Viral immunity. Transkingdom control of viral infection and immunity in the mammalian intestine

Abstract

Viruses that infect the intestine include major human pathogens (retroviruses, noroviruses, rotaviruses, astroviruses, picornaviruses, adenoviruses, herpesviruses) that constitute a serious public health problem worldwide. These viral pathogens are members of a large, complex viral community inhabiting the intestine termed "the enteric virome." Enteric viruses have intimate functional and genetic relationships with both the host and other microbial constituents that inhabit the intestine, such as the bacterial microbiota, their associated phages, helminthes, and fungi, which together constitute the microbiome. Emerging data indicate that enteric viruses regulate, and are in turn regulated by, these other microbes through a series of processes termed "transkingdom interactions." This represents a changing paradigm in intestinal immunity to viral infection. Here we review recent advances in the field and propose new ways in which to conceptualize this important area.

Figure 1. The microbiome alters enteric virus infection by both direct and indirect mechanisms

Shown is a schematic representation of major categories of organisms in the intestinal microbiome that, in aggregate, affect enteric infection with the four viral taxa shown. In some cases transkingdom interactions affect enteric viruses directly through physical interactions between viruses and organisms or components of organisms within the intestinal microbiome. In other cases the microbiome regulated viral infection indirectly by altering immunity. Systemic viral infection can also alter intestinal virus infection. Host genes also impact these transkingdom interactions, and the ultimate outcome of virus-triggered disease, as shown on the right portion of the figure.

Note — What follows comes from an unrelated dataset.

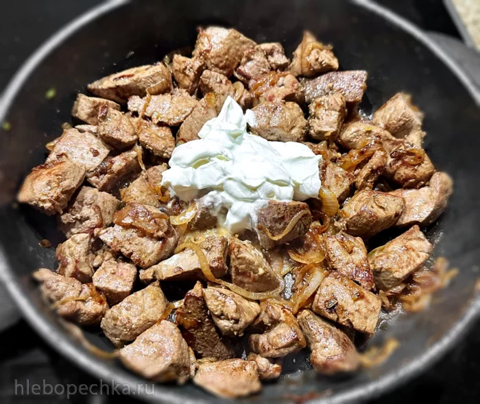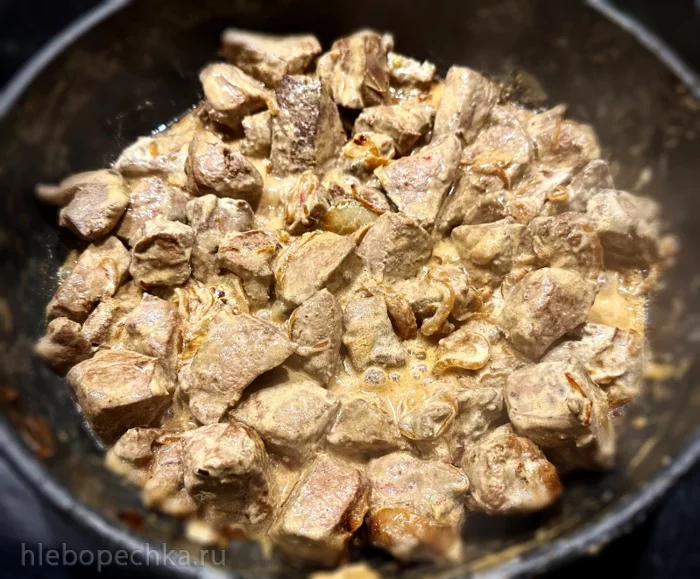 Две столовых ложки сметаны. С верхом. К печёнке добавил.
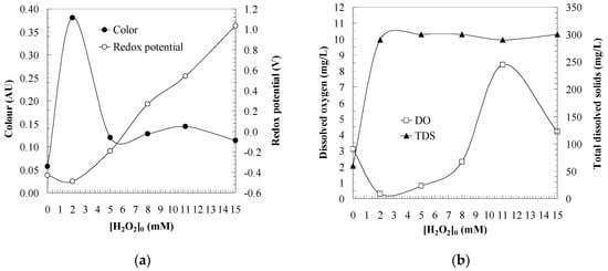 The dissolved oxygen analysed in treated samples is consistent with their redox potential values. It is observed that the DO concentration in water increases as the treatment is conducted with higher concentrations of oxidant, up to a maximum operating point, which corresponds to [H2O2]0 = 11.0 mM, with a DO = 8.4 mg O2/L. However, in the test carried out using [H2O2]0 = 15.0 mM, the DO experienced a big decrease until values of DO = 4.2 mg O2/L. These lower levels of DO are observed throughout the course of the reaction, which could be due to operating with excess of oxidant with respect to the iron concentration. On the other hand, the concentration of Total Dissolved Solids (TDS, mg/L) remains constant in all the tests performed.

Figure 2. Transkingdom interactions and mechanisms by which bacteria enhance enteric virus replication and transmission

(A) The intestinal environment includes bacteria (green) and other components of the microbiome, the mucus layer (yellow), host enterocytes (brown), and underlying immune cells (blue and red). Enteric viruses (black) are exposed to bacteria prior to initiating replication in host cells (enterocytes or immune cells, depending on the virus type). Bacteria promote enteric virus replication and transmission by several mechanisms. (B) Poliovirus (PV) binds bacteria, which stabilizes virions and limits premature RNA release to promote transmission. (C) PV and human norovirus (HuNoV) bind bacteria, which increases viral attachment to host cells. (D) Mouse mammary tumor virus (MMTV) binds LPS, which induces host TLR signaling and IL10-mediated immune tolerance. (E) Murine norovirus (MNoV) replication is enhanced by bacteria, likely through regulation of IFNλ responses.